更に反論をしようとするも、被せるように夜鷹が言葉を発する。


「ねえ浪人」


 夜鷹は当たり前のように甚夜へと声を掛けた。

 その呼び方にこの二人が既知の間柄なのだと知る。直次にはそれが意外だった。

 知り合ってからそれなりに時間は立つが、この友人は案外と固い性格をしており、夜鷹を買うような男には思えない。どのような経緯で知り合ったのか、直次には想像もつかなかった。


「結局、あの黒い影は鬼、だったのかい?」


 二人の関係は確かに疑問だが、あの影の方が今は気になる。

 あれが何者だったのか、何が起こったのか。直次もまた黙って甚夜の返答を待った。


「あれは鬼になりきれなかった未練だ」


 相変わらずの仏頂面、けれどほんの僅か目は細められる。

 それを痛ましいと感じられたのは夜鷹だけ。指摘しなかったのは、彼への心遣いだ。


「だから定型を持たず、傍から見ればどんな姿にも成り得る。元が元だ、他者の未練とも相性が良かったのだろう」


 無から生ずる鬼とは、肉を持った想念。

 しかしあの影は、鬼になるほどの密度はなく、けれど霧散していくには濃すぎた負の感情だ。

 憎しみや悪意ではない。

 強いて言うならば誰かの、おそらくは死者の未練。

 それがどういう訳か寄り集まり、一つの怪異となってしまった。


「かつて失ったものか、今も尚拘るものか。見る者が未練を残した誰かに姿を変える、それだけの存在だ。<力>も持たず、鬼にさえなることなく怪異を引き起こす想いなぞ流石に初めてだな」


 まるで鏡のように、その者の未練を映し出す怪異。

 直次にはあの影が兄に見えた。其処に捨てきれぬ未練があったから。

 それでも、いなくなった兄に未練はあれど、既に決着はついている。だからだろう、近付けばただの影に変わった。


「未練、ねぇ」


 夜鷹には“あの人”に見えた。

 其処には捨てきれぬ未練があったのだろう。

 それがどのようなものかを知る術はないのだけれど。


「全部捨ててきたつもりだったんだけどね」

 

 直次は夜鷹の過去を知らない。

 だから彼女が影に誰を重ね、何を見たのかなど分かる筈もない。

 当然だ。どれだけ聡明な人間であったとしても、物語の裏側で何が行われていたかを見ることは出来ない。

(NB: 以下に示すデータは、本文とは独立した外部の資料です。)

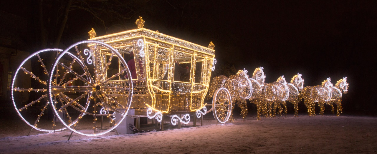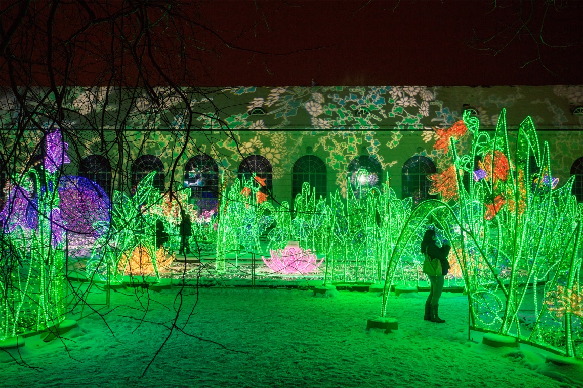 Królewski Ogród Światła przy pałacu w Wilanowie to wystawa plenerowa, w ramach której tysiące kolorowych diod ułożone są w finezyjne kształty. Ekspozycja podzielona jest na kilka różnorodnych tematycznie części. Goście mogą wybrać się na spacer po Magicznym Ogrodzie Króla, w którym ułożone ze świateł barokowe rośliny są większe niż ludzie. W Ogrodzie Wyobraźni czekają ich niezwykłe pokazy łączące światło z muzyką klasyczną. Tuż przy pałacu, na Złotym Dziedzińcu znajduje się zaprzężona w sześć koni królewska karoca, do której można wsiąść i zrobić sobie zdjęcie. W weekendy zaś na fasadzie pałacu wyświetlane są mappingi, czyli trójwymiarowe pokazy łączące światło, obraz i dźwięk, pod wpływem których poszczególne elementy dekoracji ożywają. Świetlna instalacja jest doskonałą propozycją na zimne i szare wieczory zarówno dla dzieci, jak i dla dorosłych!
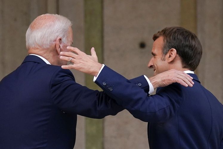 2021年10月,马克龙和拜登在核潜艇事件后首见。图自IC Photo
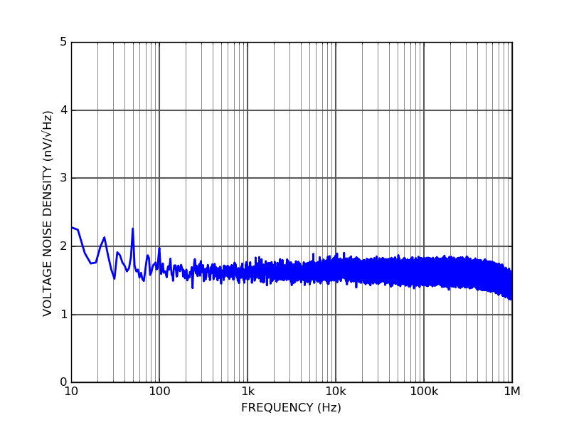 Input-referred voltage noise (1 kHz) < 3 nV/√Hz

 彼女が澄ました顔の下でどんな思いを抱いているかは、彼女にしか理解できないことだ。


「それでも、捨てられぬものはあるさ」


 彼にもまた、そういうものがあったのだろう。

 表情は変わらず、声も平静。その全く感情の乗らない言葉が、逆に痛みを強く感じさせた。 


「なら、浪人。あんたは、雨の向こうに何を見たんだい?」


 消えた影が立っていた場所を尚も眺め続ける夜鷹は、投げ捨てるようにそう言った。

 甚夜は虚を突かれたように立ち尽くす。相変わらずの仏頂面で、内心を読み取ることは出来ない。


「昔は、一太刀も入れることが出来なかった」


 自嘲するような、落とすような、静かな笑みだった。


「毎日のように木刀を振り回して、簡単にあしらわれて。……なのに斬れてしまった。多分、それを寂しいと思っているんだろうな」


 夜鷹は甚夜の過去を知らない。

 だから彼が何を言っているのかは分からない。

 結局はそういうもの。

 人が知ることの出来る範囲には限りがある。

 それはどうしようもないことなのだ。


「へえ……。ま、詳しくは聞かないよ」

「助かる」

「だろう? あたしに下世話な趣味はないんだ」


 以前の意趣返しなのか、横目で直次のことを盗み見る。はは、と乾いた笑みを浮かべるしかなかった。

 そうしてまた空を見上げた。 

 雨はいつの間にか止んで、灰色の曇の切れ間から、青白い月が顔を覗かせる。静けさに染まる夜がようやく戻ってきた。


「さてと」


 雨上がりの夜空を眺めながら、夜鷹は軽やかな足取りで軒下から離れる。


「もう、行かれるのですか」

「ああ、今日は仕事をする気にはなれないからね。帰ってとっとと寝るよ」


 仕事。思わず眉を顰める。彼女は夜鷹。だから男と閨を共にしなければ生活さえままならぬと知っている。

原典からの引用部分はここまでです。